- [WORK REQUIRED] These records contain pictures, which must be left out; copy exactly the lines from the one with "Предлаганият имот е" up to and including the one with "Two test shots".

- [DATA]

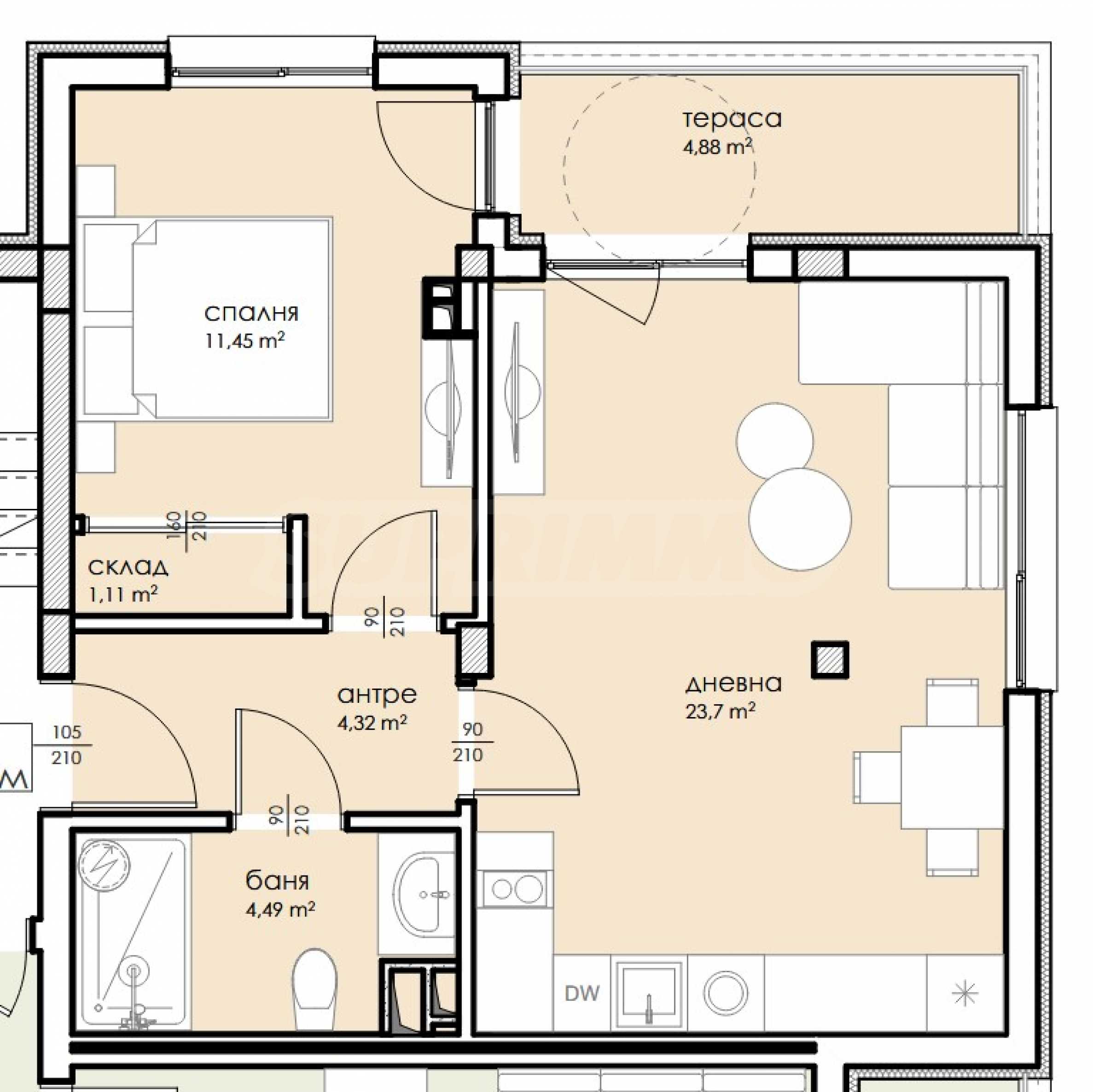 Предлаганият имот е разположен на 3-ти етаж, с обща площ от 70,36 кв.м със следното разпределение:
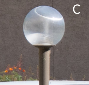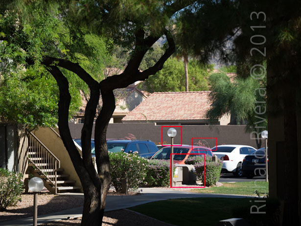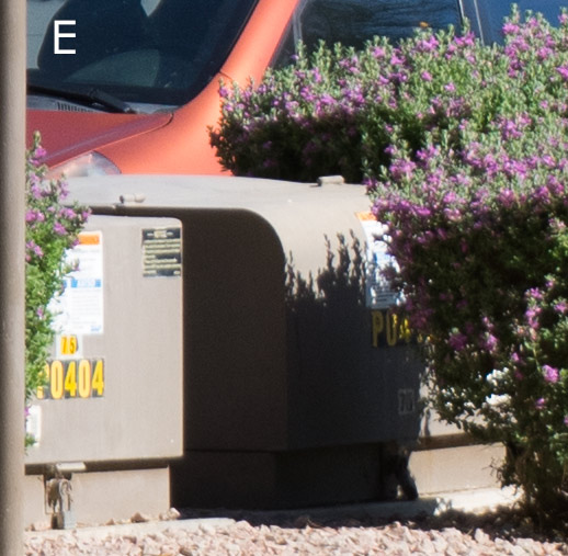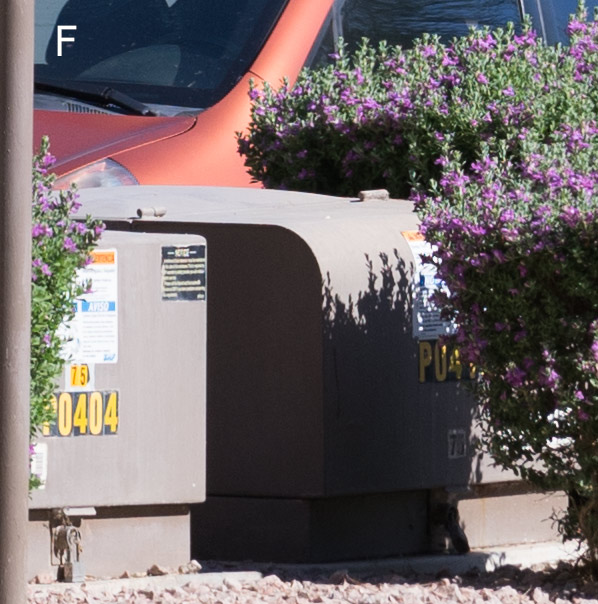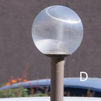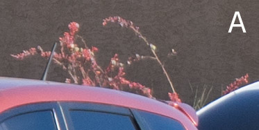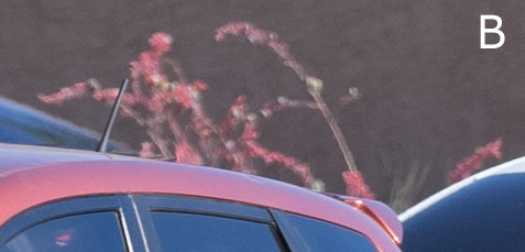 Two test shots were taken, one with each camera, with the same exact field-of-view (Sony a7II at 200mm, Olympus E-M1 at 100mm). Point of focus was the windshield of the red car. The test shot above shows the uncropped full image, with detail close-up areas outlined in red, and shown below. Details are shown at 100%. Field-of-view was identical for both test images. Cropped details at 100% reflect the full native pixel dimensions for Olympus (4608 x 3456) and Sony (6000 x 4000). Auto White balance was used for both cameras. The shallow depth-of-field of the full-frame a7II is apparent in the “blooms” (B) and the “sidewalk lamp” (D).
...
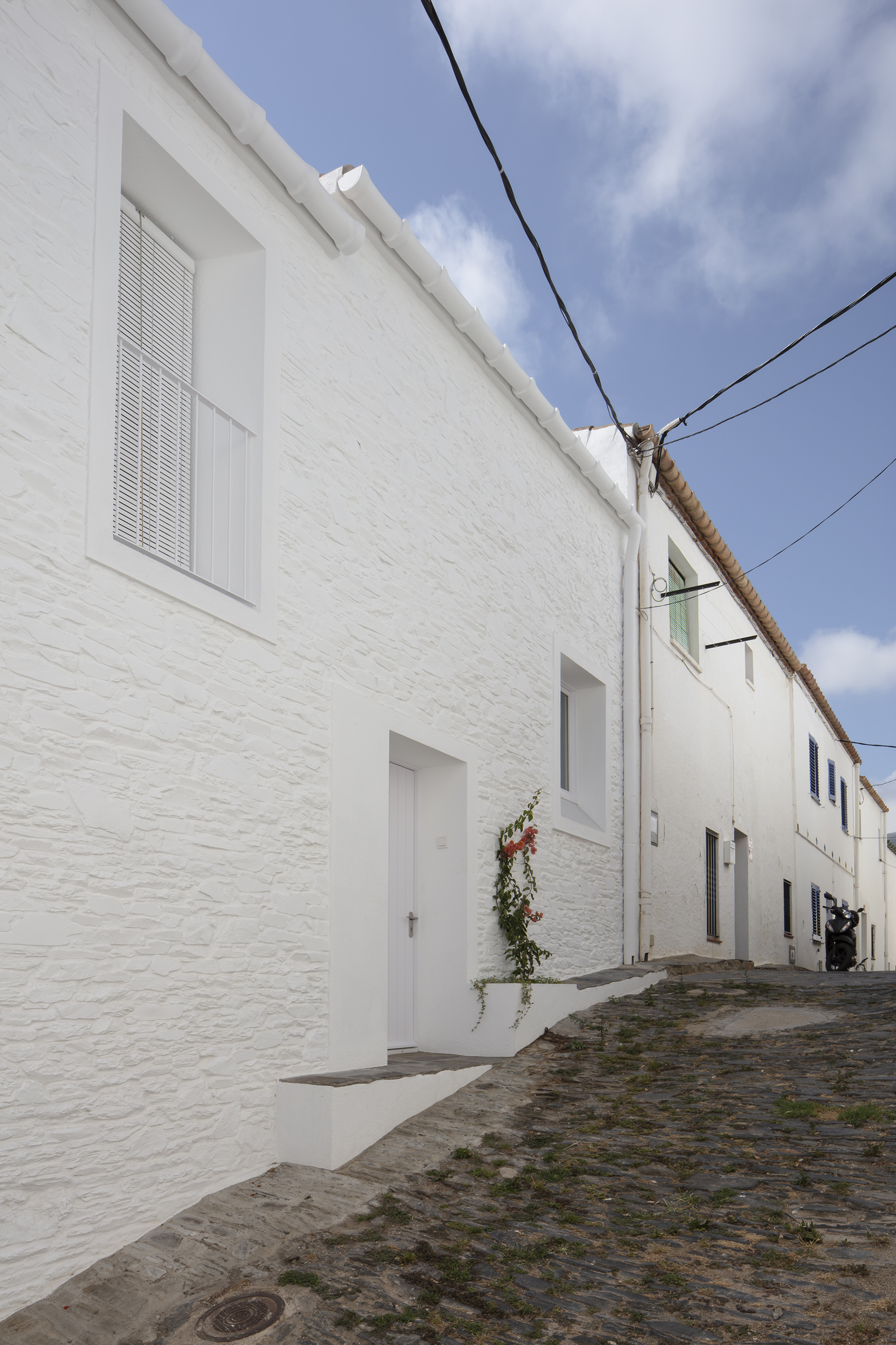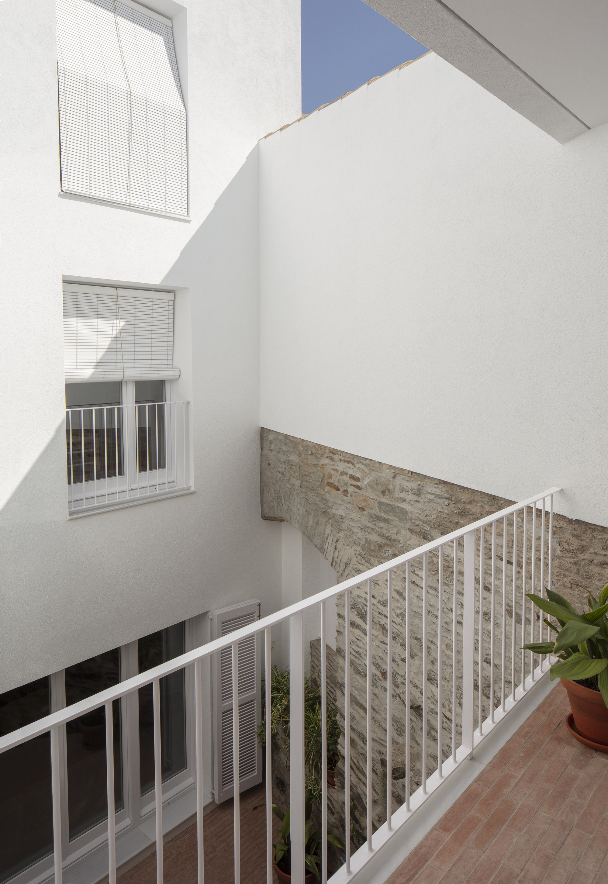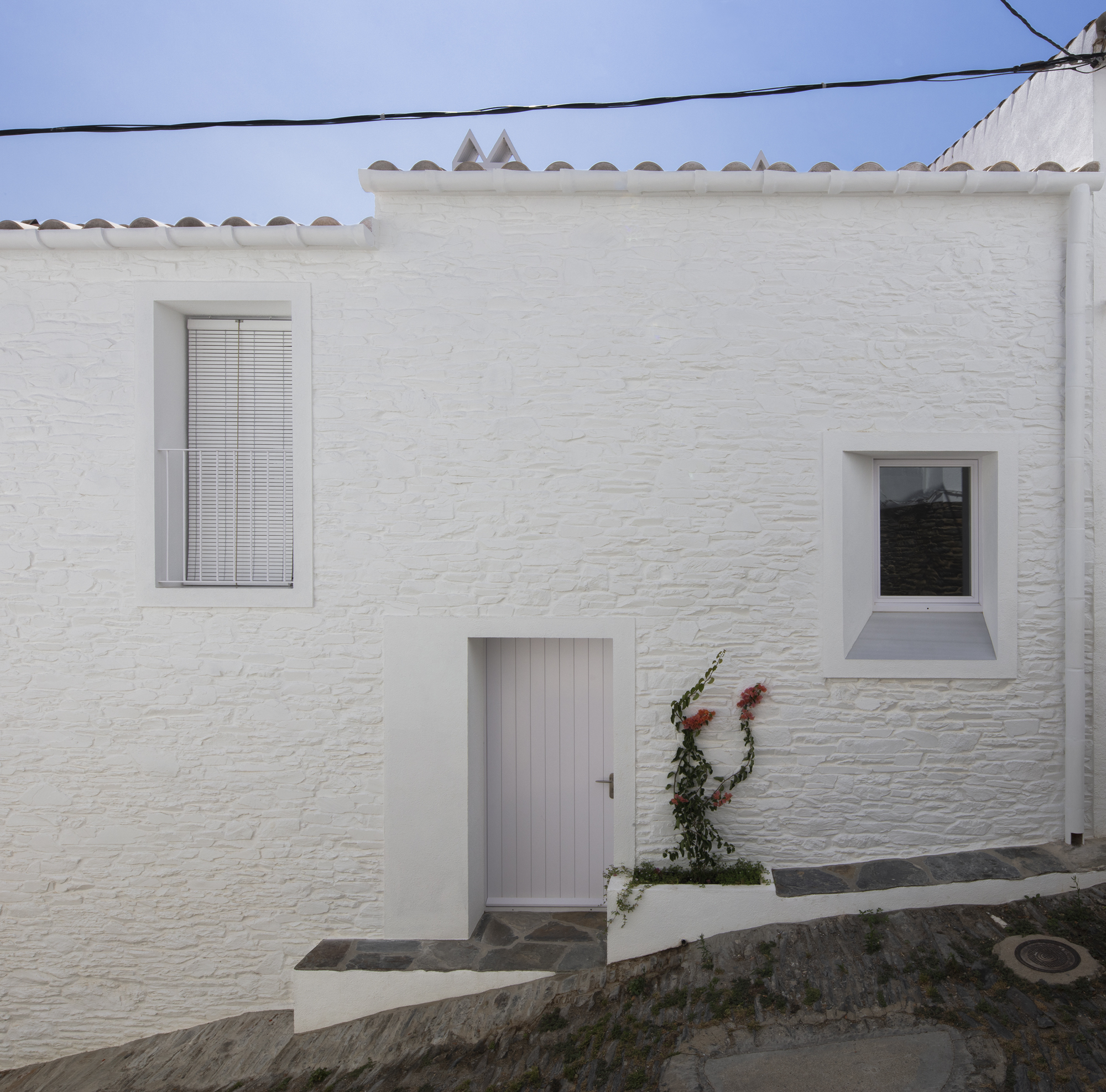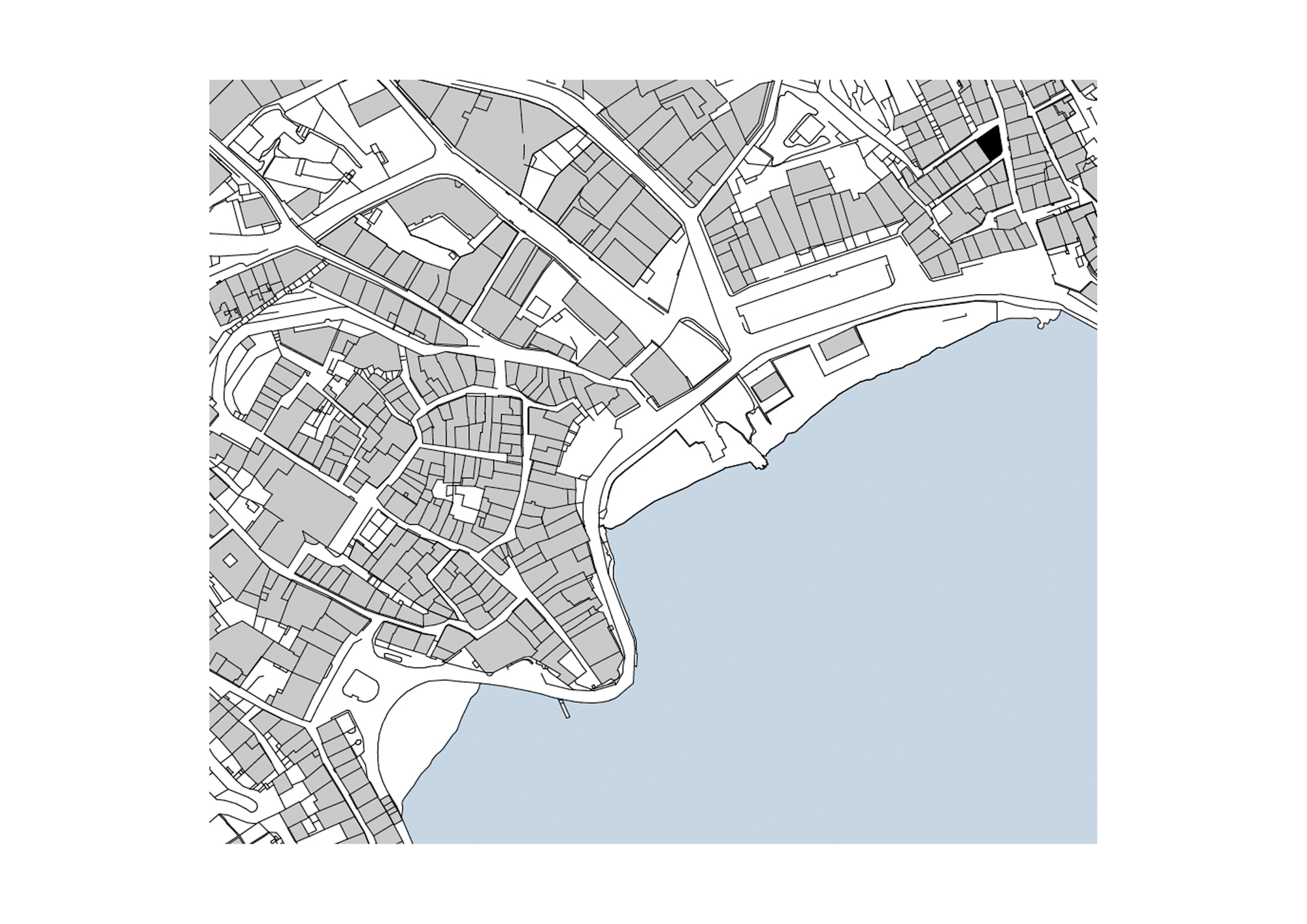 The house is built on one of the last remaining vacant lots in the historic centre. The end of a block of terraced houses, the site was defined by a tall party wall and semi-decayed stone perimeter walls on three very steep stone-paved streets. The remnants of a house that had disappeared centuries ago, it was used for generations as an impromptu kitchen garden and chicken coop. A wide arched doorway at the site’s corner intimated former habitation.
---
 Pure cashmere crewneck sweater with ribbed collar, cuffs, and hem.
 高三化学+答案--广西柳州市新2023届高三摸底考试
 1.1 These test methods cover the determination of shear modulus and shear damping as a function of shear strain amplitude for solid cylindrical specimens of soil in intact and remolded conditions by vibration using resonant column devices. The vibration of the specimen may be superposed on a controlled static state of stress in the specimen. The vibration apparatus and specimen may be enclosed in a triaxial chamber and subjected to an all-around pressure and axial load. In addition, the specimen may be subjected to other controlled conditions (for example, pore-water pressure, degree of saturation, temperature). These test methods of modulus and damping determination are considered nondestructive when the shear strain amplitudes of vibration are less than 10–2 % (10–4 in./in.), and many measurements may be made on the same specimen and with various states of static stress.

- [RESPONSE AREA]
 Предлаганият имот е разположен на 3-ти етаж, с обща площ от 70,36 кв.м със следното разпределение:
 Two test shots were taken, one with each camera, with the same exact field-of-view (Sony a7II at 200mm, Olympus E-M1 at 100mm). Point of focus was the windshield of the red car. The test shot above shows the uncropped full image, with detail close-up areas outlined in red, and shown below. Details are shown at 100%. Field-of-view was identical for both test images. Cropped details at 100% reflect the full native pixel dimensions for Olympus (4608 x 3456) and Sony (6000 x 4000). Auto White balance was used for both cameras. The shallow depth-of-field of the full-frame a7II is apparent in the “blooms” (B) and the “sidewalk lamp” (D).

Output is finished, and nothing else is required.